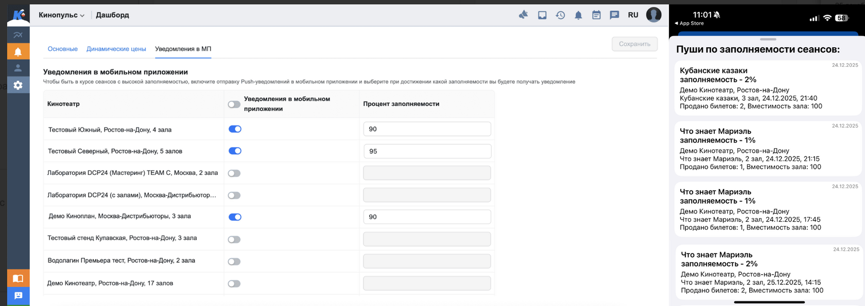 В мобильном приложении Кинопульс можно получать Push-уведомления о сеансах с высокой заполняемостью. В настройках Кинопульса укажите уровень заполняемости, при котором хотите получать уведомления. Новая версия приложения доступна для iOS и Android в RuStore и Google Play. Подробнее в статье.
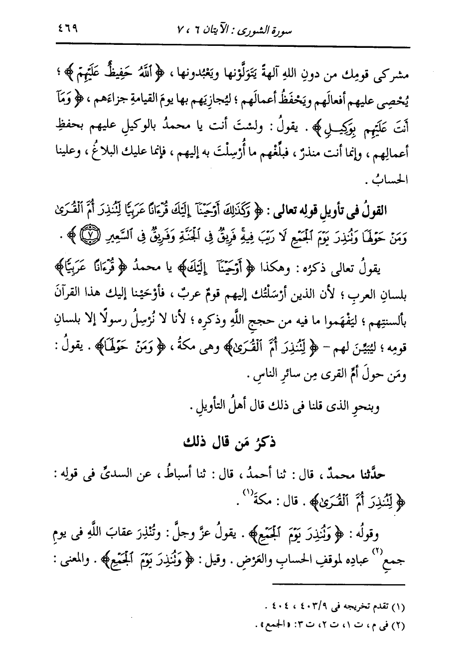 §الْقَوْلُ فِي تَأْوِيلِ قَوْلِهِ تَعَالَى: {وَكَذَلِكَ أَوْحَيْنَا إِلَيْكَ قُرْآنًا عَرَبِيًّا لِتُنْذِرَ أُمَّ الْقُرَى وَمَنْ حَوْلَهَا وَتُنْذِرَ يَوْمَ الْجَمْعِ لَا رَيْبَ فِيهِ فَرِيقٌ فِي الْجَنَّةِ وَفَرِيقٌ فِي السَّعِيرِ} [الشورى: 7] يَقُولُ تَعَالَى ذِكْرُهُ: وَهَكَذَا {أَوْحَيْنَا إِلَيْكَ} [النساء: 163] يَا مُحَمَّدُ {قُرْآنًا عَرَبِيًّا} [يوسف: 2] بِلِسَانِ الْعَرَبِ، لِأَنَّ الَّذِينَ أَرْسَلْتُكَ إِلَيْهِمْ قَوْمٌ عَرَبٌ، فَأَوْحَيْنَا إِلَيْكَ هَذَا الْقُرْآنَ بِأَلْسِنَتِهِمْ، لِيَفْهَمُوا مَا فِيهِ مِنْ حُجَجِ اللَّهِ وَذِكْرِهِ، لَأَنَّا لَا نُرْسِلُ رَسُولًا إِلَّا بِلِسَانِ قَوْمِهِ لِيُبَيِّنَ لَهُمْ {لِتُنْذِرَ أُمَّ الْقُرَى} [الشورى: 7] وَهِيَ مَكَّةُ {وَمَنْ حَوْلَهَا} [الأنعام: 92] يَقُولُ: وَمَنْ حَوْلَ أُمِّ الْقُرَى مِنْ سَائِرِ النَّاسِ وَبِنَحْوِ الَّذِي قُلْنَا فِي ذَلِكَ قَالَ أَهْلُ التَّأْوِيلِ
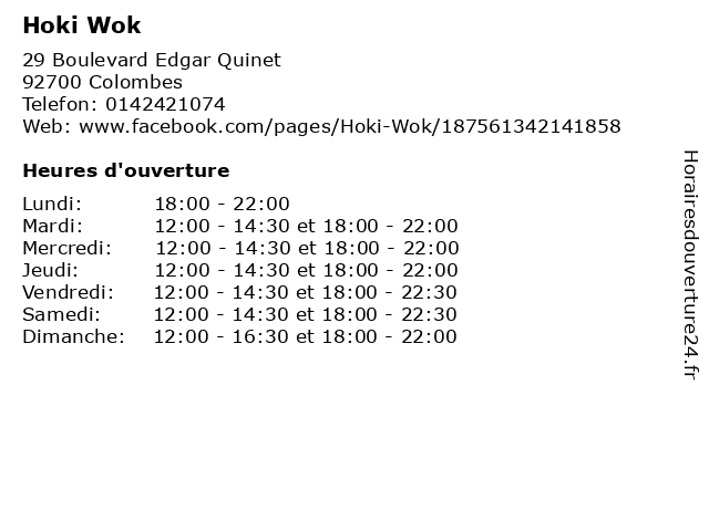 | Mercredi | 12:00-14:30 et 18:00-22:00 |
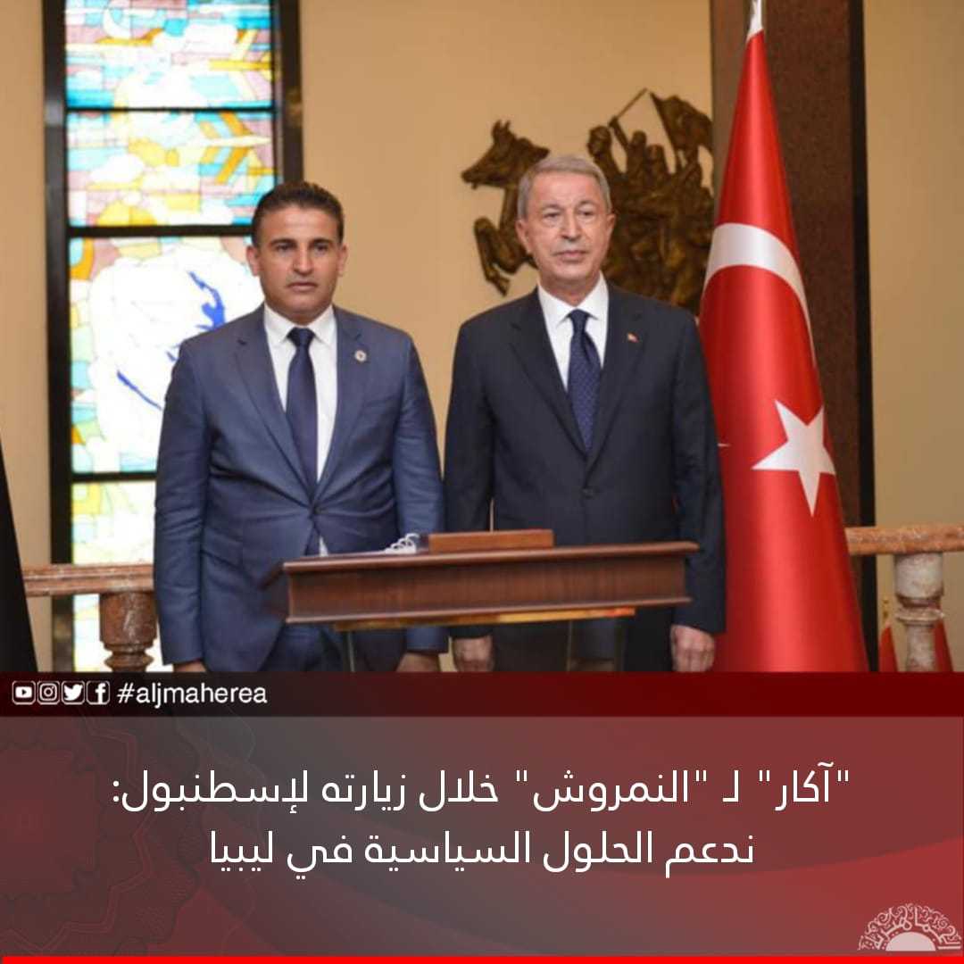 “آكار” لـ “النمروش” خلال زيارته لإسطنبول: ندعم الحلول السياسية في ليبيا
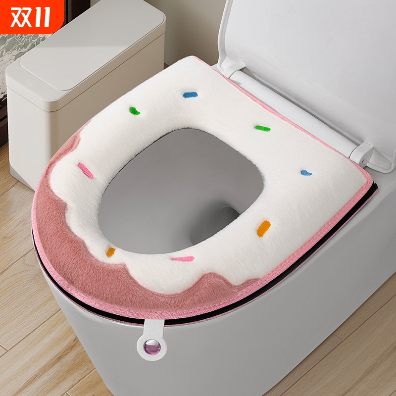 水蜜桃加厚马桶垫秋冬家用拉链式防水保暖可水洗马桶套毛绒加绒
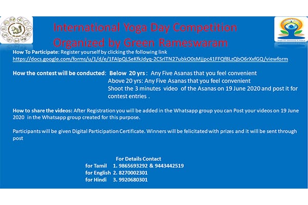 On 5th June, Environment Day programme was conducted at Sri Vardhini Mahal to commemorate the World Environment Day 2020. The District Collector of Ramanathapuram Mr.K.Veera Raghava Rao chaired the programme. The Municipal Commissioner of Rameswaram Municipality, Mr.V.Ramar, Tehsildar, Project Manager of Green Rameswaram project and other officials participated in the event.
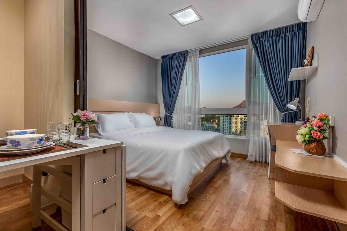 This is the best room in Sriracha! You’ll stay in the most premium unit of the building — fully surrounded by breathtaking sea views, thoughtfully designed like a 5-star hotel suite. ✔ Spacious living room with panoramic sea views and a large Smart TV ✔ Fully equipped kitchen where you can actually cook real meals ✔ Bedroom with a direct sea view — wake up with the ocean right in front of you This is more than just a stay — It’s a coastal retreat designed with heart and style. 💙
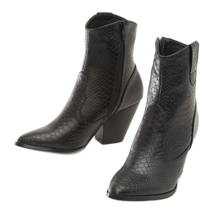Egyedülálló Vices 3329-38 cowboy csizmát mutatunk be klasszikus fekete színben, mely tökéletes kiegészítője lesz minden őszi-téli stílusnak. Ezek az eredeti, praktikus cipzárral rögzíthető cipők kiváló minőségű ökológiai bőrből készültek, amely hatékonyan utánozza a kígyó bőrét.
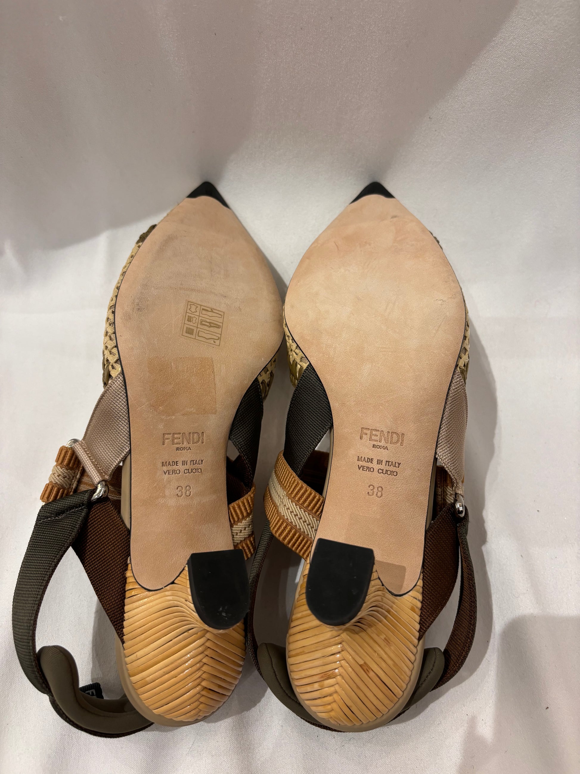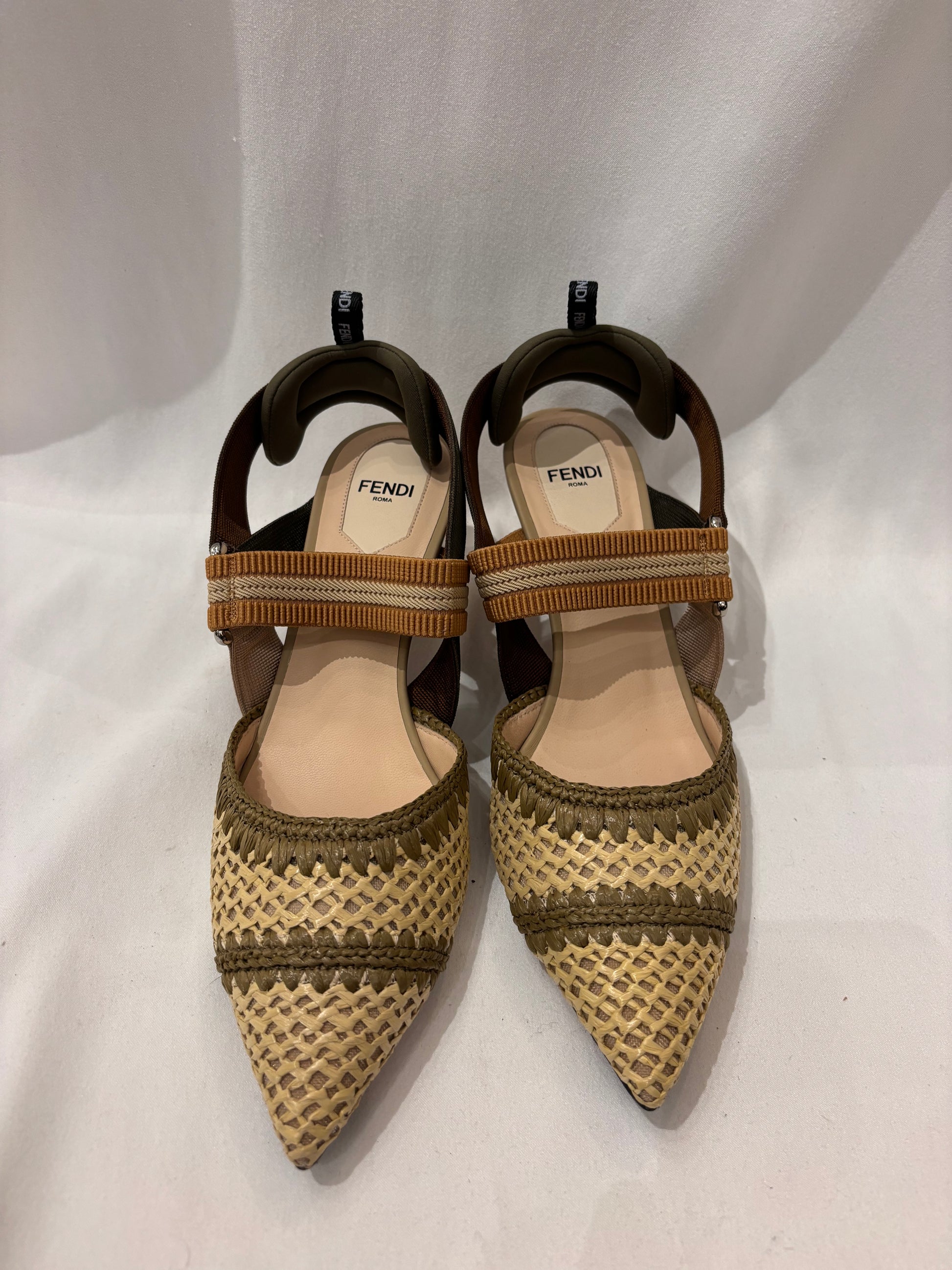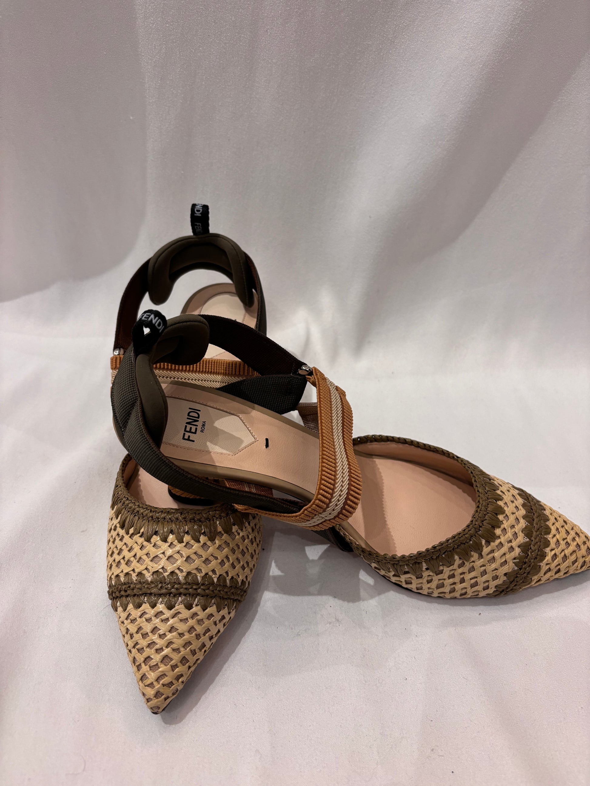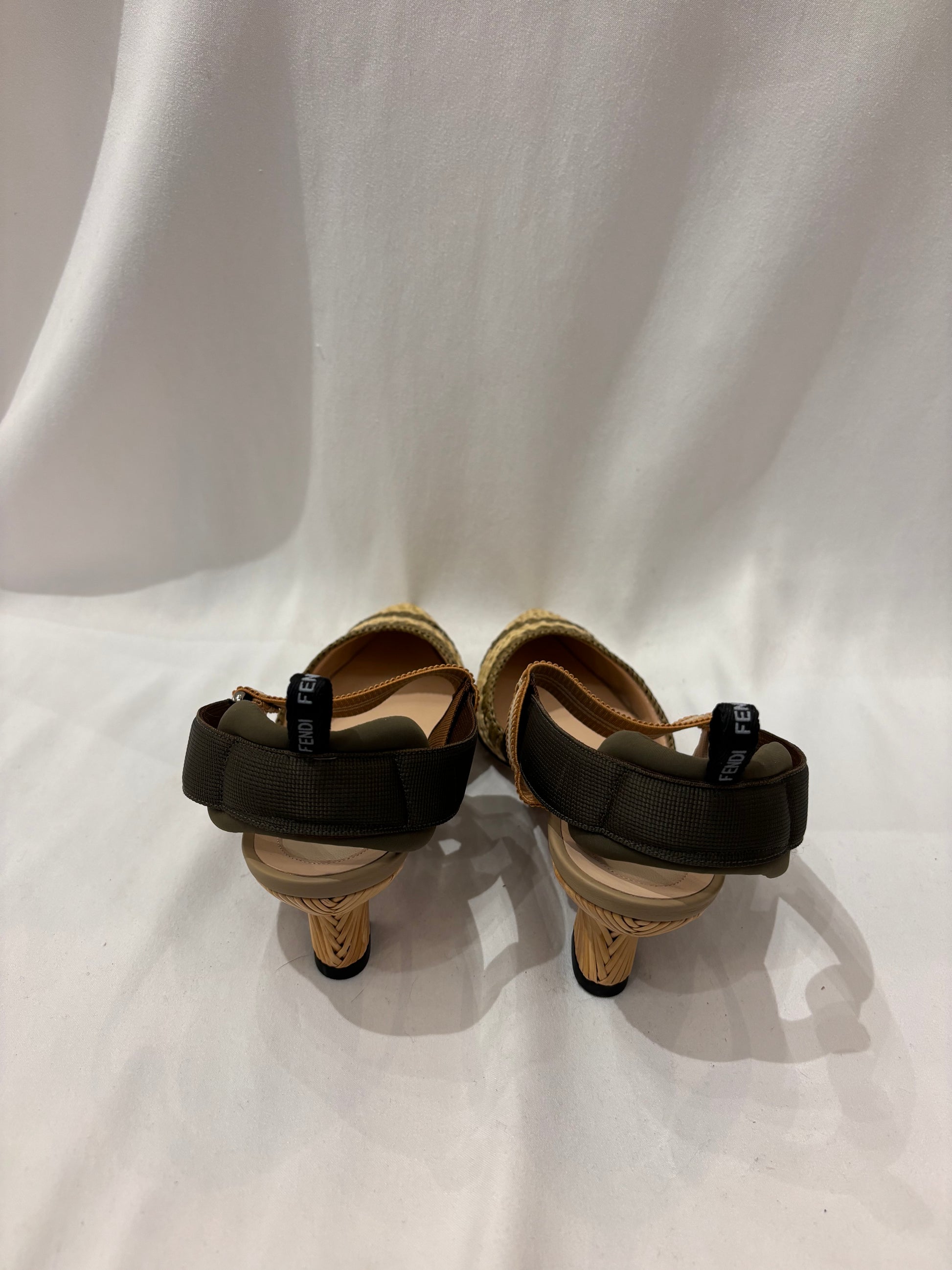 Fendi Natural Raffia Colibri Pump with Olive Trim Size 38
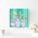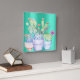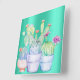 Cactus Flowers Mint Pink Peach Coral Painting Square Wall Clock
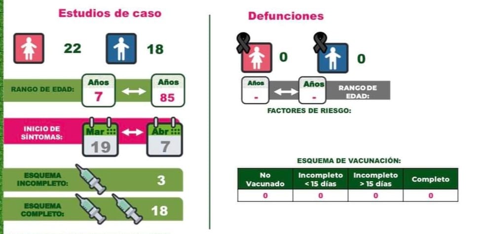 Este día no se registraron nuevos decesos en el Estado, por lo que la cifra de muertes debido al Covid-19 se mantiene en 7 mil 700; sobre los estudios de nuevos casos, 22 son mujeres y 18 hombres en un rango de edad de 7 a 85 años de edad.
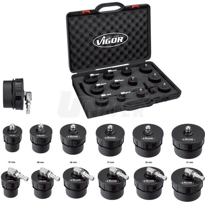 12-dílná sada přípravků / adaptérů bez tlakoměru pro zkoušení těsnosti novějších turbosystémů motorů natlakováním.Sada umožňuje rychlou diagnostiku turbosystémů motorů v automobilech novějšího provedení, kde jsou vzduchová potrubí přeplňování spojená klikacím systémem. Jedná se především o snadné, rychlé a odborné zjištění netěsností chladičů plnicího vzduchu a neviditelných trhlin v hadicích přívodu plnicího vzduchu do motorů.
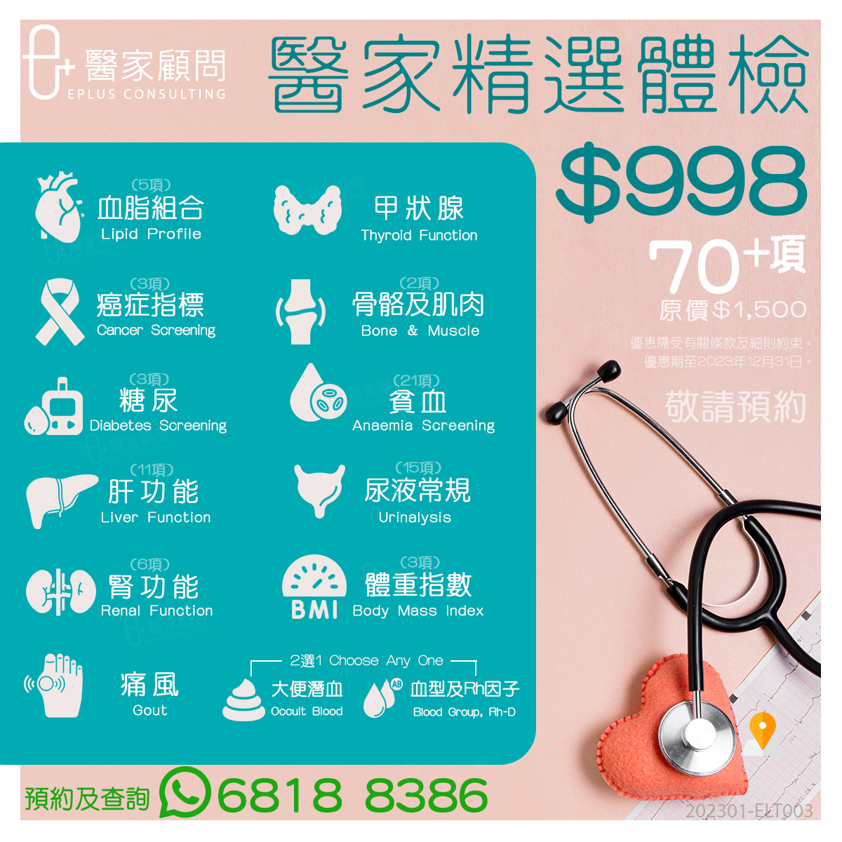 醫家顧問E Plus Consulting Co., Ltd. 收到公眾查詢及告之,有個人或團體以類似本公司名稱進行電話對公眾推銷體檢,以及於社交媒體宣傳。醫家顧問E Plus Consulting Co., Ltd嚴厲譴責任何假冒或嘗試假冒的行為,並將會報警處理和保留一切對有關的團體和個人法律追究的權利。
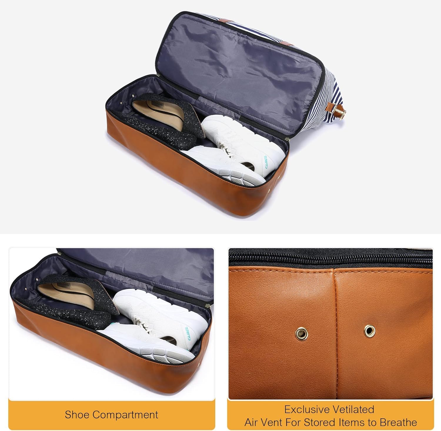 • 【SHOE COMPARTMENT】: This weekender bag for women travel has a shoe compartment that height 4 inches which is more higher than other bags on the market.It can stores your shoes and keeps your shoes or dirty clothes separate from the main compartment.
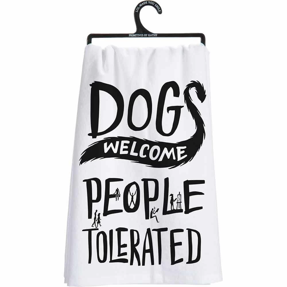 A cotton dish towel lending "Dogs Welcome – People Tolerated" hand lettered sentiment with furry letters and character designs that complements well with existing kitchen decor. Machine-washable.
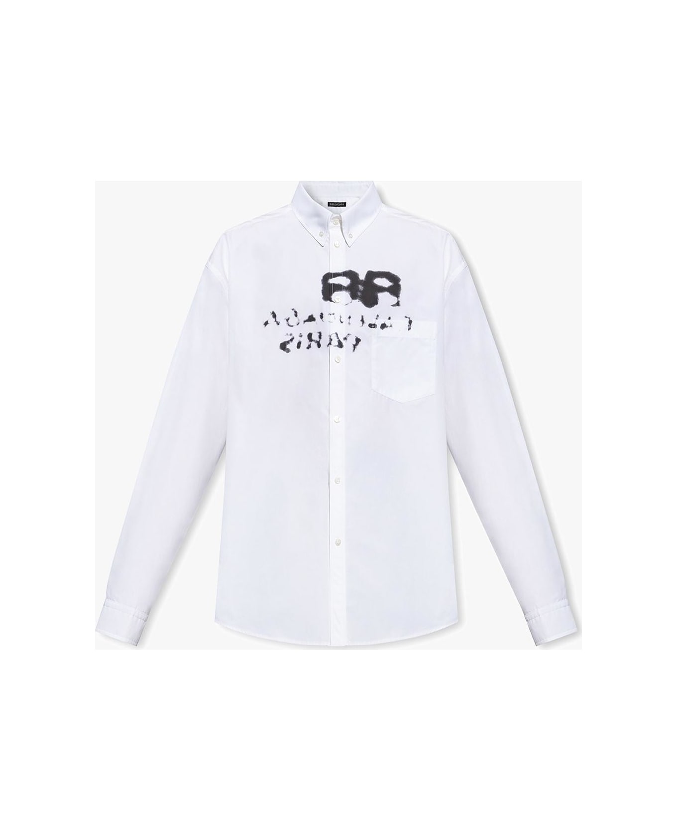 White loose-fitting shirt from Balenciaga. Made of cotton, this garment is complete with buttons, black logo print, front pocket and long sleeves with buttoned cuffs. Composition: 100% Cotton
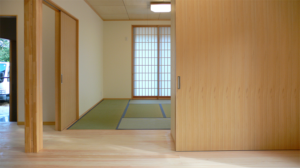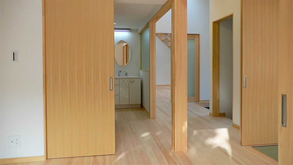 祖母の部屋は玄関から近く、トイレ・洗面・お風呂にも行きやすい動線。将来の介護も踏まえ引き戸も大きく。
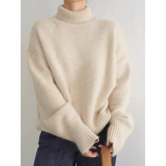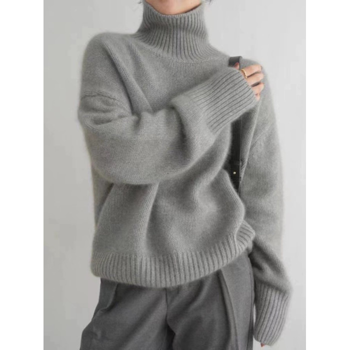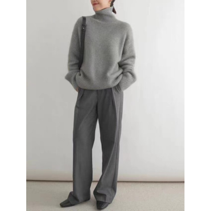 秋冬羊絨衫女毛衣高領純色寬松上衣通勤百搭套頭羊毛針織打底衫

——

■ **Your instructions**
Print exactly the lines from the first line of the records above through the line containing "水蜜桃加厚马桶垫秋冬家用拉链式防水保暖可水洗马桶套毛绒加绒", both included, and leave the pictures out.

■ **Worked solution**
 В мобильном приложении Кинопульс можно получать Push-уведомления о сеансах с высокой заполняемостью. В настройках Кинопульса укажите уровень заполняемости, при котором хотите получать уведомления. Новая версия приложения доступна для iOS и Android в RuStore и Google Play. Подробнее в статье.
 §الْقَوْلُ فِي تَأْوِيلِ قَوْلِهِ تَعَالَى: {وَكَذَلِكَ أَوْحَيْنَا إِلَيْكَ قُرْآنًا عَرَبِيًّا لِتُنْذِرَ أُمَّ الْقُرَى وَمَنْ حَوْلَهَا وَتُنْذِرَ يَوْمَ الْجَمْعِ لَا رَيْبَ فِيهِ فَرِيقٌ فِي الْجَنَّةِ وَفَرِيقٌ فِي السَّعِيرِ} [الشورى: 7] يَقُولُ تَعَالَى ذِكْرُهُ: وَهَكَذَا {أَوْحَيْنَا إِلَيْكَ} [النساء: 163] يَا مُحَمَّدُ {قُرْآنًا عَرَبِيًّا} [يوسف: 2] بِلِسَانِ الْعَرَبِ، لِأَنَّ الَّذِينَ أَرْسَلْتُكَ إِلَيْهِمْ قَوْمٌ عَرَبٌ، فَأَوْحَيْنَا إِلَيْكَ هَذَا الْقُرْآنَ بِأَلْسِنَتِهِمْ، لِيَفْهَمُوا مَا فِيهِ مِنْ حُجَجِ اللَّهِ وَذِكْرِهِ، لَأَنَّا لَا نُرْسِلُ رَسُولًا إِلَّا بِلِسَانِ قَوْمِهِ لِيُبَيِّنَ لَهُمْ {لِتُنْذِرَ أُمَّ الْقُرَى} [الشورى: 7] وَهِيَ مَكَّةُ {وَمَنْ حَوْلَهَا} [الأنعام: 92] يَقُولُ: وَمَنْ حَوْلَ أُمِّ الْقُرَى مِنْ سَائِرِ النَّاسِ وَبِنَحْوِ الَّذِي قُلْنَا فِي ذَلِكَ قَالَ أَهْلُ التَّأْوِيلِ
 | Mercredi | 12:00-14:30 et 18:00-22:00 |
 “آكار” لـ “النمروش” خلال زيارته لإسطنبول: ندعم الحلول السياسية في ليبيا
 水蜜桃加厚马桶垫秋冬家用拉链式防水保暖可水洗马桶套毛绒加绒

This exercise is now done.